Exercise requirements: Please give all of the data again, character for character, and drop the pictures.
(Dataset section)
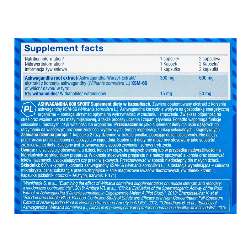 The unique extraction process of the patented KSM-66 form is based on the Green Chemistry principles – no alcohol or synthetic solvents – which has allowed obtaining a highly concentrated extract while maintaining all the natural components of the plant in its original proportions. In addition, the raw material used in the production of the Olimp Ahswagandha 600 Sport dietary supplement has been subjected to tests for the absence of hazardous heavy metals and to physicochemical analyzes in the modern Research and Development Center of the Olimp Laboratories pharmaceutical company. The company is exclusive for the use of the patented KSM-66 extract in their products in Poland. Undoubtedly, this is one of the company’s many advantages, and the preparation with the Olimp Sport Nutrition brand logo, containing the mentioned KSM-66 form, becomes unique on the Polish market! Do not forget about a healthy lifestyle and a balanced diet.
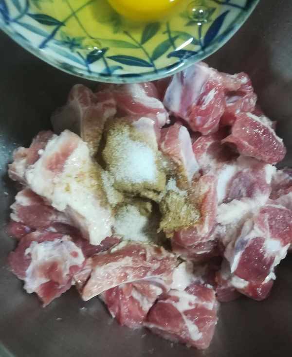 第二步:洗凈控幹水分的排骨加料酒,胡椒粉,幹淀粉,雞蛋,鹽抓均勻如圖
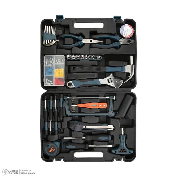 آچار آلن , آچار بکس , آچار فرانسه , اره افقیبر , انبر دم باریک , انبردست , پیچ , پیچ گوشتی , چکش , رولپلاک , سری بکس , فازمتر , کاتر , کیف ابزار , متر
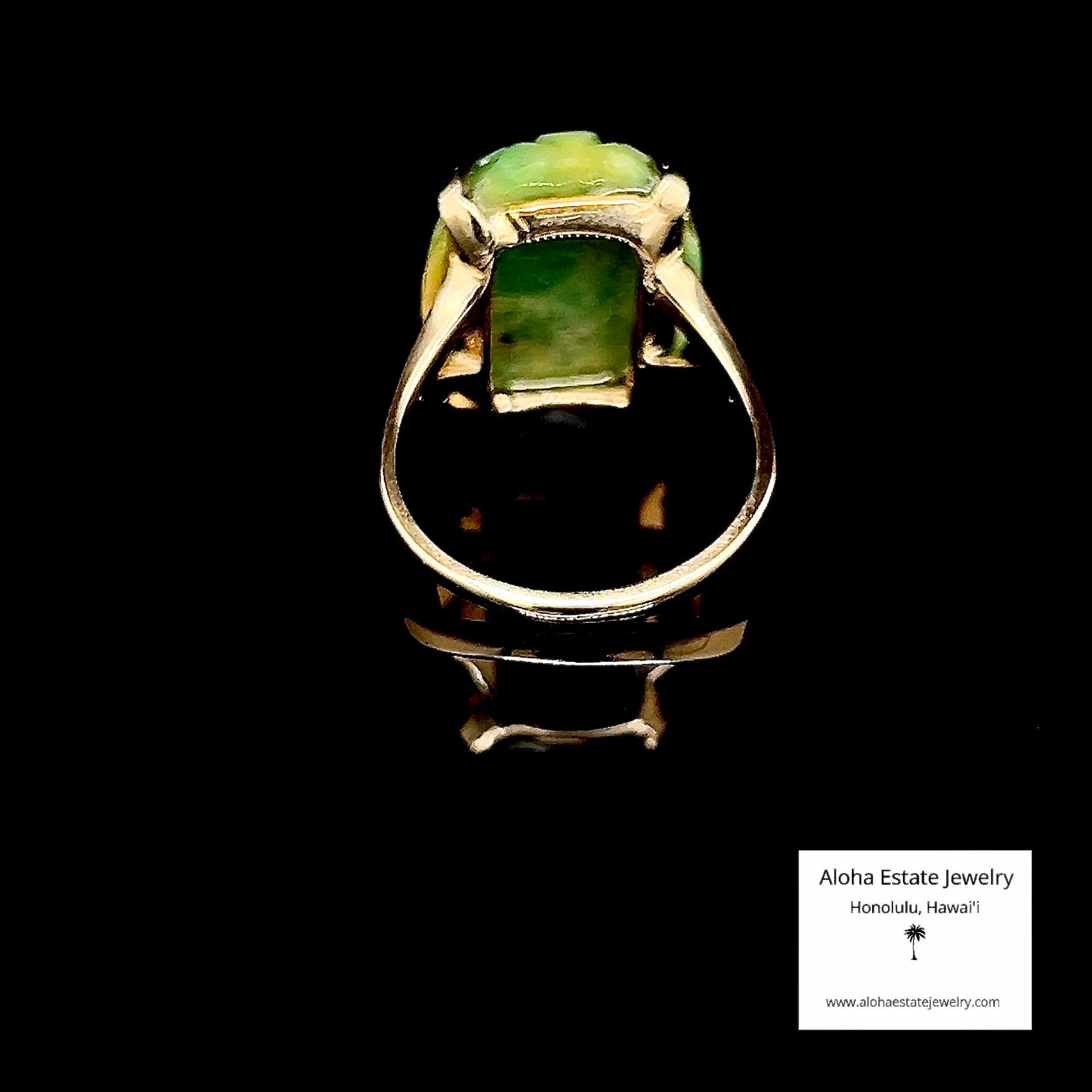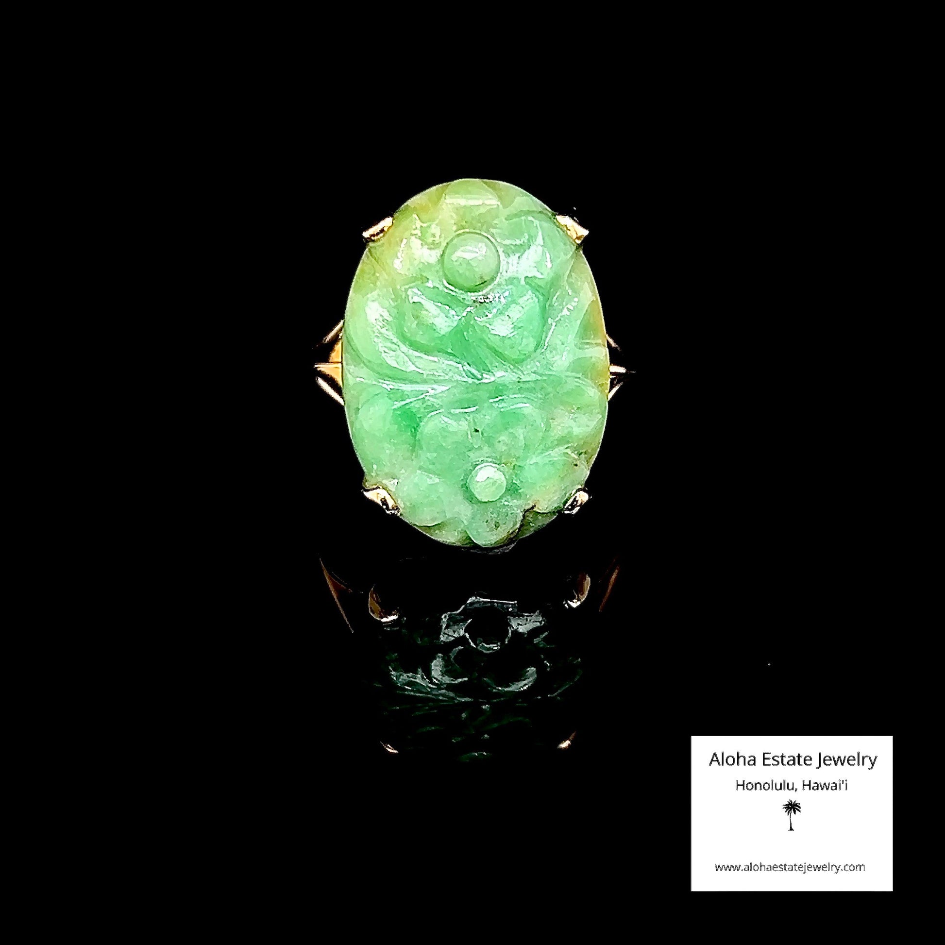 A striking mid-century estate piece sourced from O'ahu, this 1960s ring showcases a hand-carved jadeite cabochon with delicate floral detailing that has retained its crisp definition through the decades.
(End Dataset section)
Task output:
 The unique extraction process of the patented KSM-66 form is based on the Green Chemistry principles – no alcohol or synthetic solvents – which has allowed obtaining a highly concentrated extract while maintaining all the natural components of the plant in its original proportions. In addition, the raw material used in the production of the Olimp Ahswagandha 600 Sport dietary supplement has been subjected to tests for the absence of hazardous heavy metals and to physicochemical analyzes in the modern Research and Development Center of the Olimp Laboratories pharmaceutical company. The company is exclusive for the use of the patented KSM-66 extract in their products in Poland. Undoubtedly, this is one of the company’s many advantages, and the preparation with the Olimp Sport Nutrition brand logo, containing the mentioned KSM-66 form, becomes unique on the Polish market! Do not forget about a healthy lifestyle and a balanced diet.
 第二步:洗凈控幹水分的排骨加料酒,胡椒粉,幹淀粉,雞蛋,鹽抓均勻如圖
 آچار آلن , آچار بکس , آچار فرانسه , اره افقیبر , انبر دم باریک , انبردست , پیچ , پیچ گوشتی , چکش , رولپلاک , سری بکس , فازمتر , کاتر , کیف ابزار , متر
 A striking mid-century estate piece sourced from O'ahu, this 1960s ring showcases a hand-carved jadeite cabochon with delicate floral detailing that has retained its crisp definition through the decades.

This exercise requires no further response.